Потом немцы закричали заячьими голосами, и тот, высокий, инстинктивно защищаясь, суматошно откачнулся с широко разъятым предсмертным страхом ртом.

И тут же она, страдальчески прищурясь, выстрелила и, вся дрожа, запрокинув голову, упала на земляной пол блиндажа, стала кататься по земле, истерически вскрикивая, дергаясь, обеими руками охватив горло, точно в удушье.

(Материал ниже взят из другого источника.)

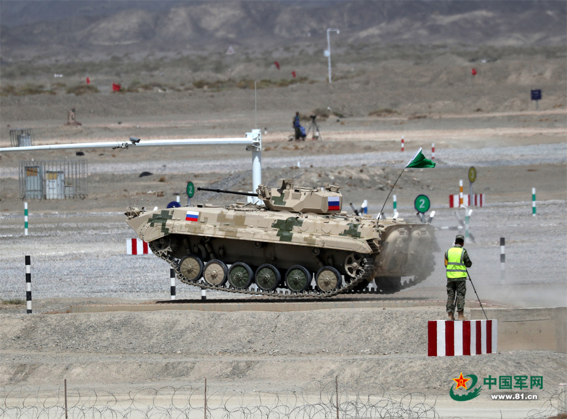 俄羅斯參賽隊駕駛步戰(zhàn)車疾馳在賽道上。羅興倉 攝
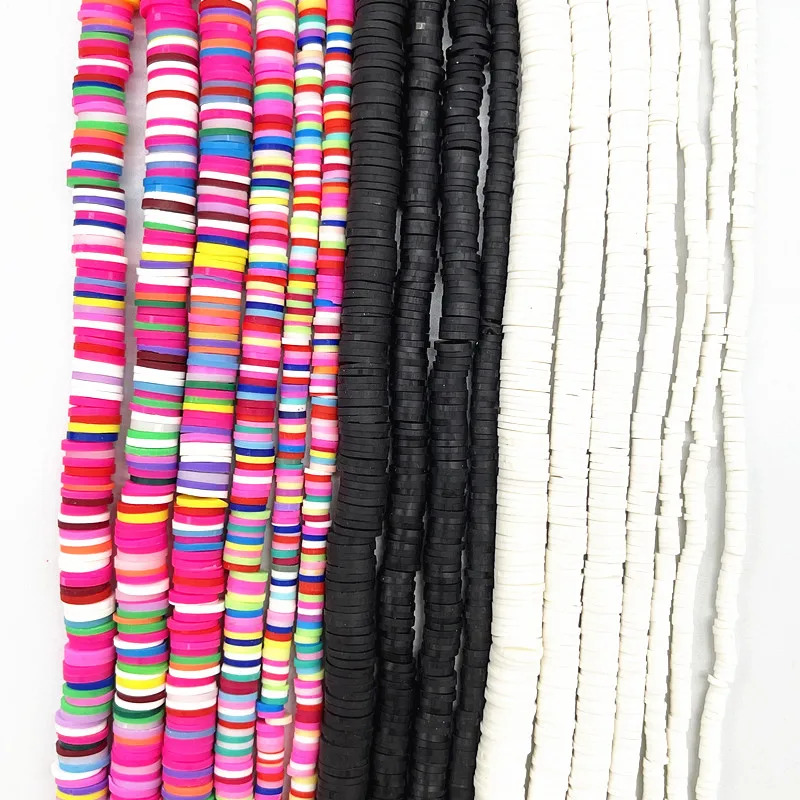 Nouveau 3/4/5/6/8/10mm couleur blanche et noire, perles rondes plates en argile polymère pour filles, fabrication de bracelets, accessoires de collier Diy

До этой ночи мы все безуспешно добивались ее любви.

Тоненькая, синеглазая, она предстала в тот миг перед нами совсем в другом облике, беспощадно разрушающем прежнее — нечто слабое, загадочное в ней, что на войне так влечет всегда мужчину к женщине.

Пленного немца она ранила смертельно. Он умер в госпитале.

Но после того наша общая влюбленность мальчишек сменилась чувством презрительной жалости, и мне казалось, что немыслимо теперь представить, как можно (даже в воображении) целовать эту обманчиво непорочную Верочку, на наших глазах сделавшую то, что не положено природой женщине.